(What the task requires) Retype every line of the data below, starting with the first and ending with the line that contains "先に糸を染め、その藍染めの糸", but leave out the pictures.
────────────────
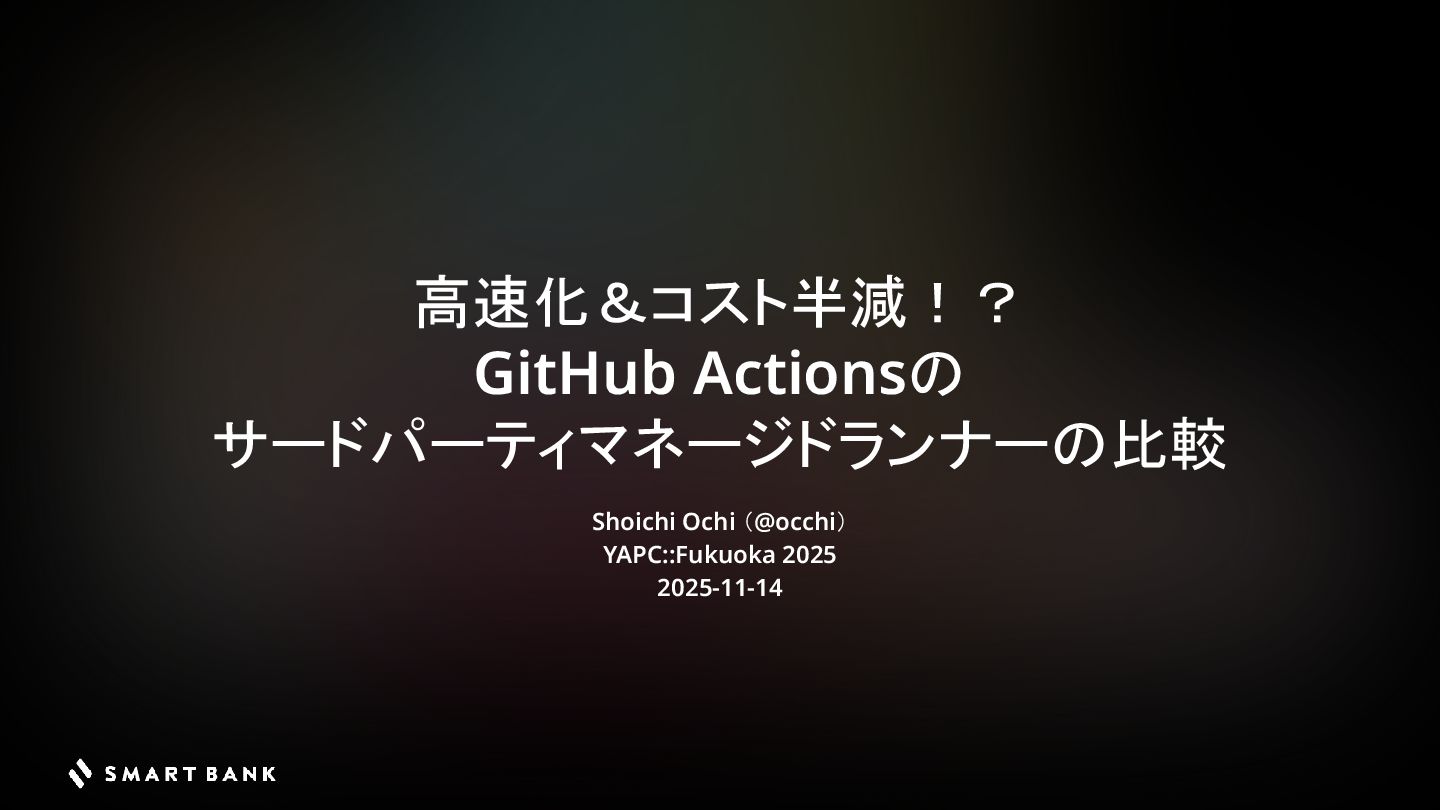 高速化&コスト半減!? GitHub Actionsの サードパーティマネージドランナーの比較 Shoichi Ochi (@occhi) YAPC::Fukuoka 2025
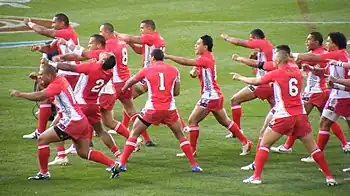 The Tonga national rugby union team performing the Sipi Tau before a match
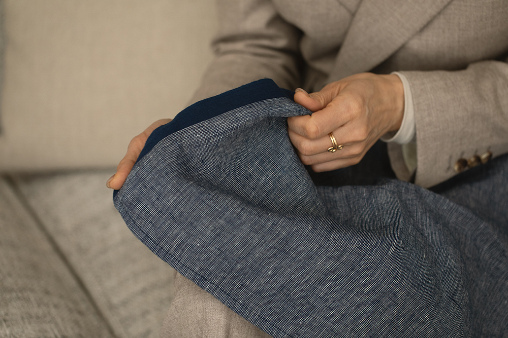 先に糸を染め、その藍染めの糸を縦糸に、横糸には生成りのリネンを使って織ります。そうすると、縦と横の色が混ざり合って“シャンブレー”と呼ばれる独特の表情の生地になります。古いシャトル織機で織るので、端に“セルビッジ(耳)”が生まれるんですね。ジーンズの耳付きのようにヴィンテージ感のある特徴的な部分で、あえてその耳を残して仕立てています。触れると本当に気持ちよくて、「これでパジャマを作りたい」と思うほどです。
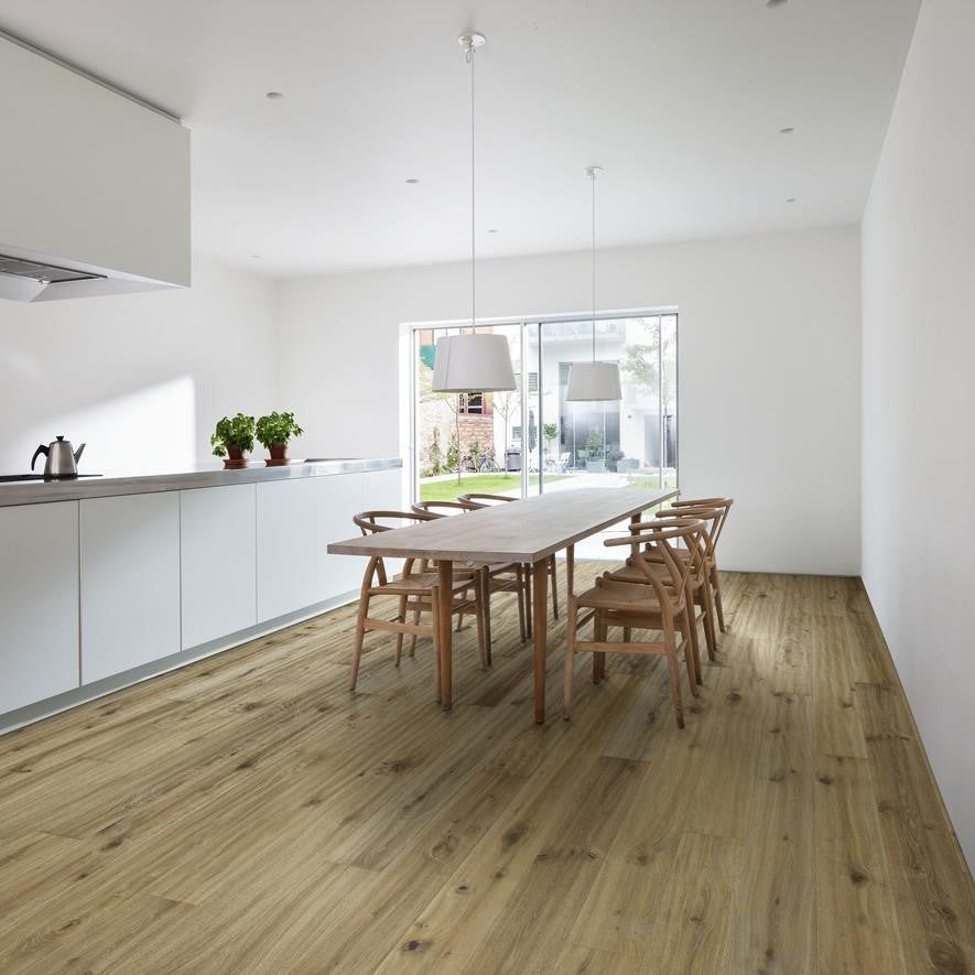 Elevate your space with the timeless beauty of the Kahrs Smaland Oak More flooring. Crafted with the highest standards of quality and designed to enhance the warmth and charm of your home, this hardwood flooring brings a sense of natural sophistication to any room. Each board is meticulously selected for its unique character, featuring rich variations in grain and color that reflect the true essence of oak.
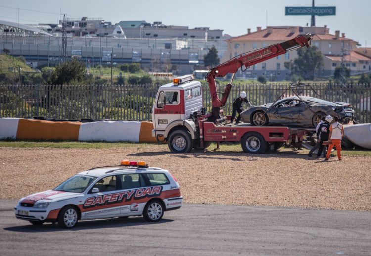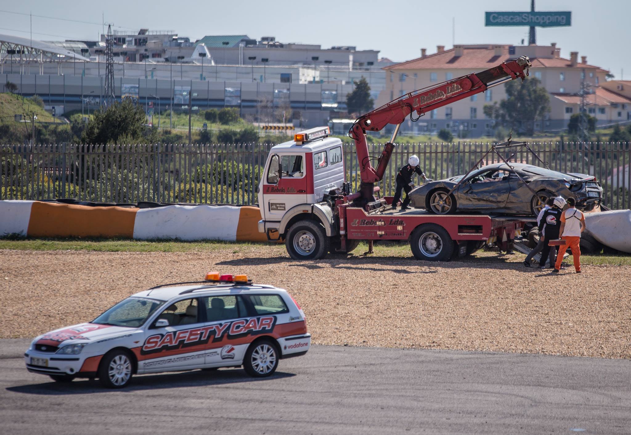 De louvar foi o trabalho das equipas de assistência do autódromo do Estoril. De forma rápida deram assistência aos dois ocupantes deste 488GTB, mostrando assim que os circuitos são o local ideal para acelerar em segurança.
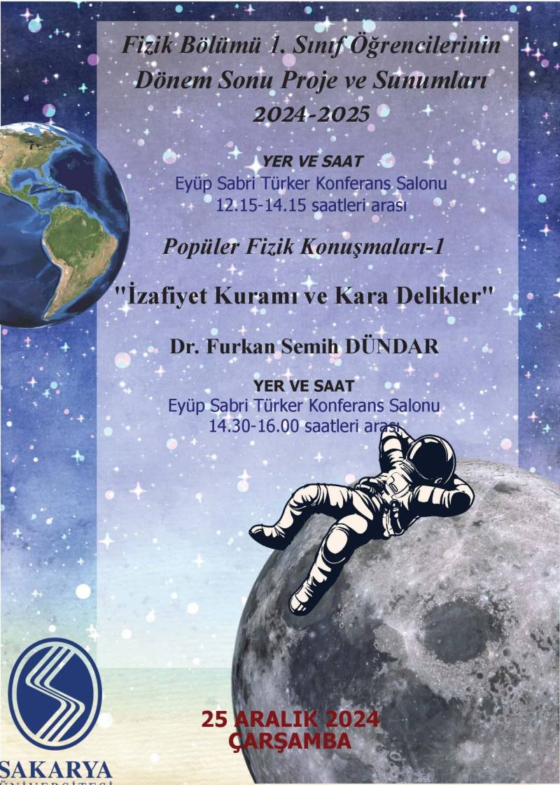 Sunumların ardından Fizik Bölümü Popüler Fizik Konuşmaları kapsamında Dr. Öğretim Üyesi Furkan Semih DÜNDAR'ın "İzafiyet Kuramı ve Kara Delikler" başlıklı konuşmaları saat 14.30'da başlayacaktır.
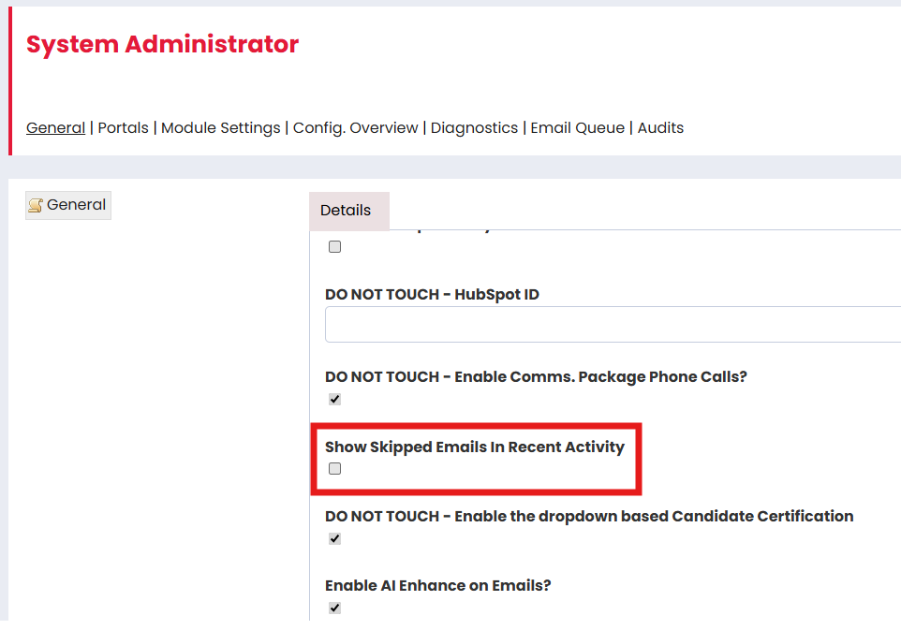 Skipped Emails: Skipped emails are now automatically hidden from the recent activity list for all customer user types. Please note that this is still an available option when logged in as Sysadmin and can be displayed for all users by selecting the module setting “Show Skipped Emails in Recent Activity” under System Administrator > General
────────────────
(Solution to this exercise)
 高速化&コスト半減!? GitHub Actionsの サードパーティマネージドランナーの比較 Shoichi Ochi (@occhi) YAPC::Fukuoka 2025
 The Tonga national rugby union team performing the Sipi Tau before a match
 先に糸を染め、その藍染めの糸を縦糸に、横糸には生成りのリネンを使って織ります。そうすると、縦と横の色が混ざり合って“シャンブレー”と呼ばれる独特の表情の生地になります。古いシャトル織機で織るので、端に“セルビッジ(耳)”が生まれるんですね。ジーンズの耳付きのようにヴィンテージ感のある特徴的な部分で、あえてその耳を残して仕立てています。触れると本当に気持ちよくて、「これでパジャマを作りたい」と思うほどです。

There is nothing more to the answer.